Monats-Archive: August 2009

quetschkommode

Die Strat ist da und klingt so wie sie soll. Ganz eingenommen bin ich von dem Klang. Der hat wirklich gefehlt. Das “aged”-Aussehen ist ein bisschen peinlich, auch wenn sie trotzdem sehr schön ist. Eierschalweiß. (Was ich nicht weiß, ist mir gelb.)
In den letzten Wochen bin ich auf Miles Davis’ Bitches Brew hängen geblieben. Musikforschung. Diese Platte ist in etwa so, als würde man einem philosophischen Dialog horchen. Eitelkeiten gehen den Musikern komplett ab. Kein aufplustern der einzelnen Instrumente, alles ist ein Ausprobieren und Beitragen. Sehr konstruktiv. In einer solchen Dichte habe ich das noch nie gehört. Und eine Lehre, die man gar nicht oft genug ziehen kann. Man kann sich fast jeden Quatsch erlauben, wenn Tempo und Groove oder Beat stimmen.

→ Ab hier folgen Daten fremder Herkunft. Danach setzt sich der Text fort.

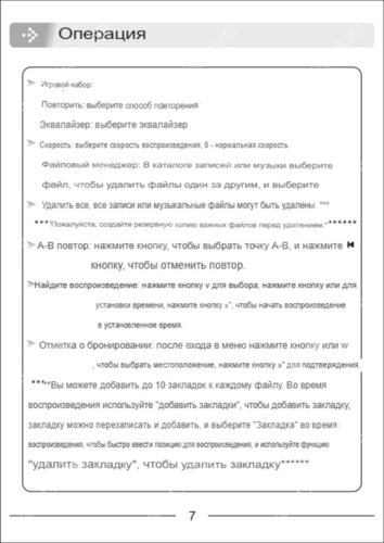 Страница 1/7: список документов; запись: тип PCM/MP3; битрейт; наушники/динамики ВКЛ – ВЫКЛ; регулировка чувствительности микрофона; голосовая активация ВКЛ – ВЫКЛ; таймер ВКЛ – ВЫКЛ; сегментирование, установить длину файла; шумоподавитель ВКЛ – ВЫКЛ; воспроизведение: цикличность, эквалайзер, скорость воспроизведения; управление: удалить файл, удалить папку; режим повтора; время начала; временная метка.
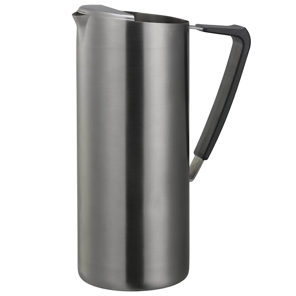 This Slim Water Pitcher in Dark Tungsten offers an industrial-chic finish thats both rugged and refined. Its slim profile supports efficient use of tabletop space, while the over-molded rubber handle enhances comfort and pouring control. Ideal for stylish restaurant setups or on-trend hotel beverage stations, it includes an integrated ice guard for mess-free service and is fully dishwasher safe for practical upkeep.
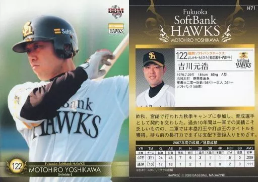 Nombre comercial en japonés: BBM/レギュラーカード/BBM2008 福岡ソフトバンクホークス H71[レギュラーカード]:吉川元浩
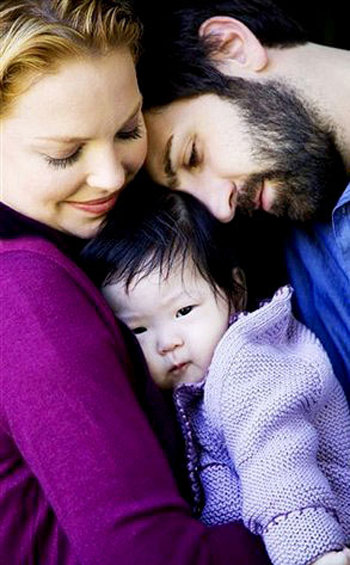 한국인 여자 아기를 입양해 화제를 모은 할리우드 배우 캐서린 헤이글이 아기 사진을 공개했다.
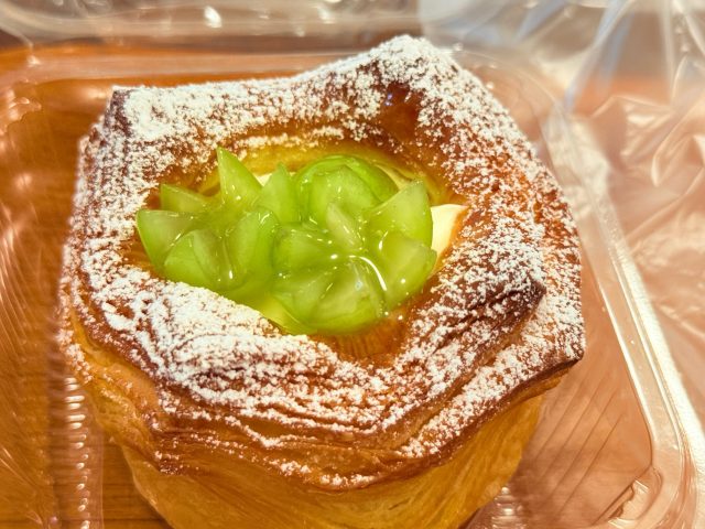 マスカットのデニッシュは、これまたジューシー。クリームとフラッシュなマスカットの果汁が口の中でベストなバランスで混ざり合います。
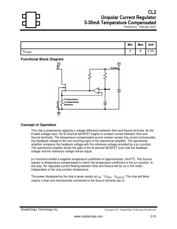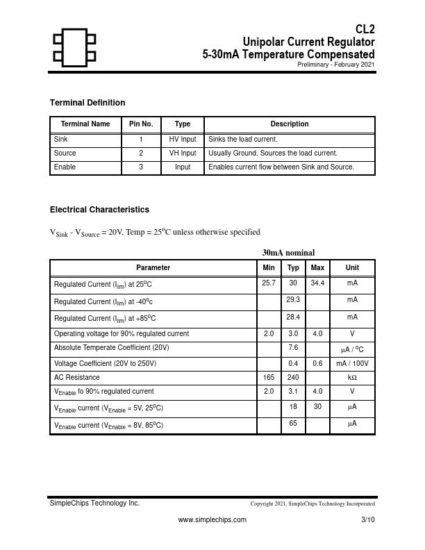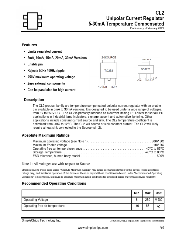 The CL2 product family are temperature pensated unipolar current regulator with an enable pin available in 5mA to 30mA versions. It is designed to be used under a wide range of voltages, from 6V to 250V DC. The CL2 is primarily intended as a current limiting LED driver for serial LED applications in industrial lamp indicators, signage, accent and automotive lightning.
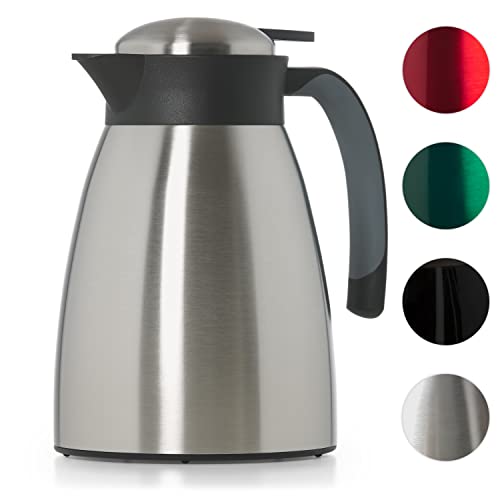 Blumtal Termos kanna 1l - BPA-fri tekanna med Quick Tip-förslutning - läckagesäker kaffekanna thermo för långvarig isolering/termos kanna te - kaffekanna - te-termos kanna rostfritt stål silver
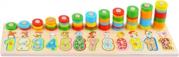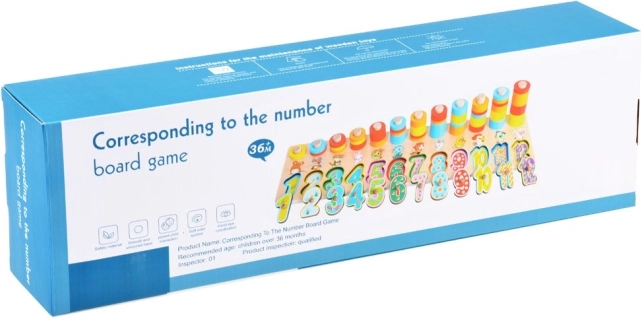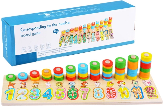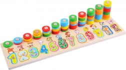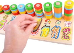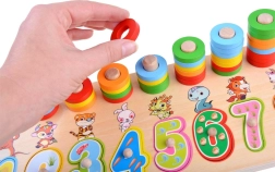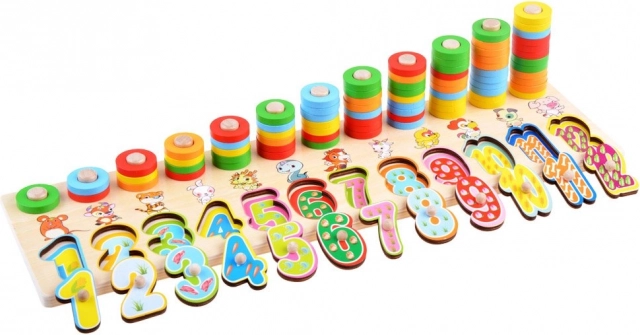 Tato vzdělávací dřevěná hračka kombinuje skládání tvarů, třídění barev a první matematiku. Děti vkládají velké číslice do správných otvorů a navlékají barevné kroužky na kolíky, čímž snadno pochopí hodnotu čísel a základní počítání. Ilustrace zvířátek u jednotlivých čísel podporují paměť a rozvoj slovní zásoby.

Anders hingegen Prince. Ben gibt mir Musicology, ein relativ aktuelles Album von ihm, mit dem Hinweis, dass er nur das erste Stück toll findet. Ich auch. Es soll alles fürchterlich grooven, es soll alles nach Prince klingen. Er ist ein irrer Instrumentalist und wahnsinnig… irgendwie. Aber es klingt auch alles vorhersehbar und uninspiriert. Die Gitarren klingen nicht sehr toll. Hat er denn garnicht wahrgenommen, wie der Sound sich in den letzten acht Jahren entwickelt hat? Es klingt nach R & B, wenn es modern klingen soll und nach altem Prince Kram, wenn er rockig oder druckvoll klingen soll. Und es klingt klebrig. Soll nach Sex klingen, vermutlich. Damit hat er sich auch nicht unbedingt neu erfunden. Es will nicht so richtig losgehen. Arma Prinz!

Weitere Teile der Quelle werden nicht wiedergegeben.